Danielle M. Stevens1,2 and Gitta Coaker1.
1Department of Plant Pathology, University of California, Davis, USA
2Integrative Genetics and Genomics Graduate Program, University of California, Davis, USA
permissR is an R script for finding permissive sites, i.e. sites which appear to contain no functionally encoded information, proteins, regulatory regions, and mobile elements.
This package works intandom with pSelAct Express, a vector modified for gene expression in the chromosome of a permissive site. Therefore, the decisions to find such sites are ranked for this purpose.

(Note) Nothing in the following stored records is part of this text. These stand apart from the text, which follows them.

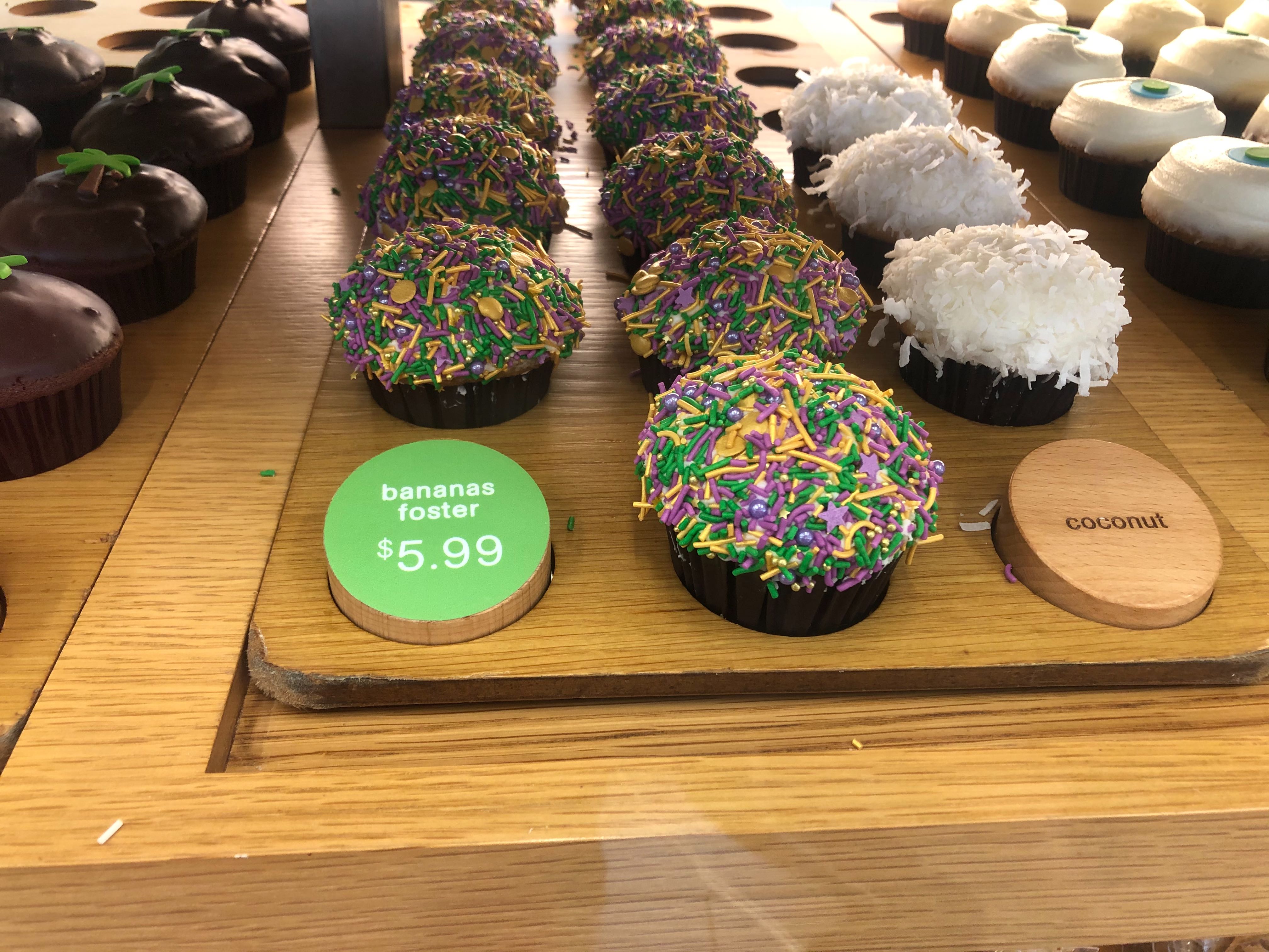 Sprinkles Cupcakes has some tasty new offerings right now. There is a new bananas foster cupcake with Mardi Gras colored sprinkles.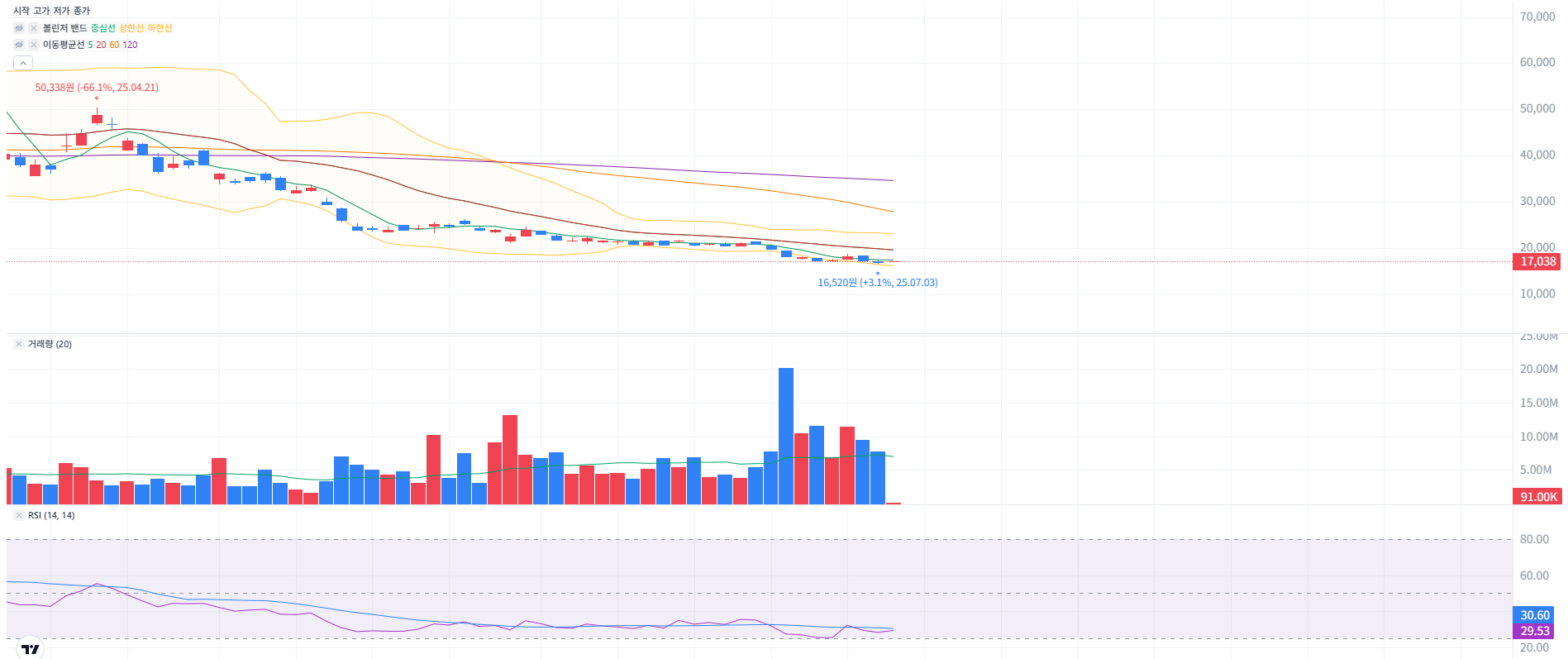 - 동시에 RSI가 30 이하, 특히 25 이하로 떨어지는 경우(강한 과매도)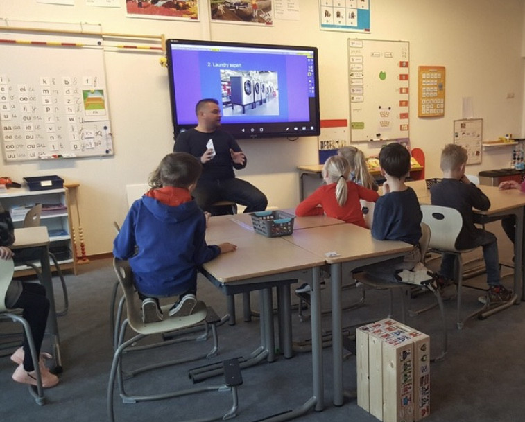 Ook Herman Harsevoort van Laundry Total mocht als ondernemer en eigenaar van Laundry Total vertellen aan 4 klassen wat zijn beroep inhoudt.
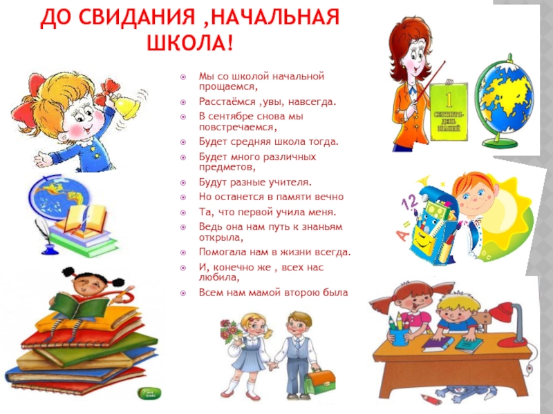 До свидания ,начальная школа!Мы со школой начальной прощаемся,Расстаёмся ,увы, навсегда.В сентябре снова мы повстречаемся,Будет средняя школа тогда.Будет

permissR tries to identify sites which are at least 1.5 kB in length (for relatively easy, specific recombination), that contain no protein encoding genes, no mobile elements which may trigger structural changes, and are ranked by complexity to make cloning a little easier (i.e. reasonable GC-content). The outputs of this pipeline include one folder of figures which inlcudes an asessment of the overall genome, figures for regions of interest, tab-delimited text file with the ranked list of sites, and finally a tab-delimited file of any sites which share some degree of homology with the predicted site (this is only procurred if there are any). This pipeline was designed for bacteria and in its current state, not recommended on eurkaryotes.
To install, type the following code into your R console:
install.packages("devtools")
devtools::install_github("DanielleMStevens/permissR")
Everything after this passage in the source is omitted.